Your goal: Copy the listing exactly, please, and keep every picture out of it.

Dataset section:
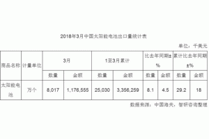 據(jù)中國(guó)海關(guān)數(shù)據(jù)統(tǒng)計(jì),2018年3月中國(guó)太陽(yáng)能電池出口量統(tǒng)計(jì)如下:
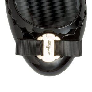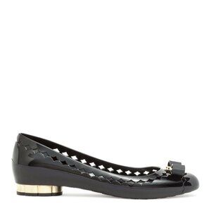 Black rubber flats from Ferragamo. The Jelly flats have a a gold flower heel and a signature 'Vara' bow.
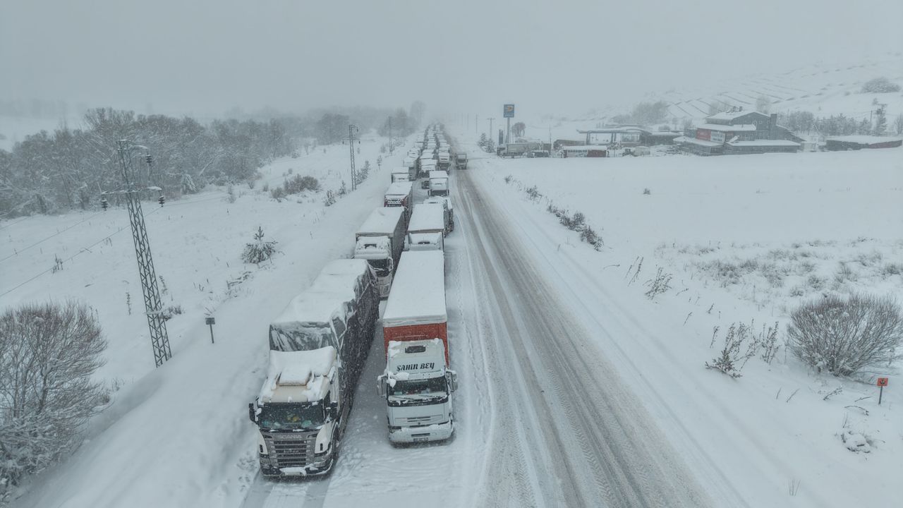 Öte yandan bölgede yolun açılmasını bekleyen tırlar, dronla görüntülendi.

Result of this exercise:
 據(jù)中國(guó)海關(guān)數(shù)據(jù)統(tǒng)計(jì),2018年3月中國(guó)太陽(yáng)能電池出口量統(tǒng)計(jì)如下:
 Black rubber flats from Ferragamo. The Jelly flats have a a gold flower heel and a signature 'Vara' bow.
 Öte yandan bölgede yolun açılmasını bekleyen tırlar, dronla görüntülendi.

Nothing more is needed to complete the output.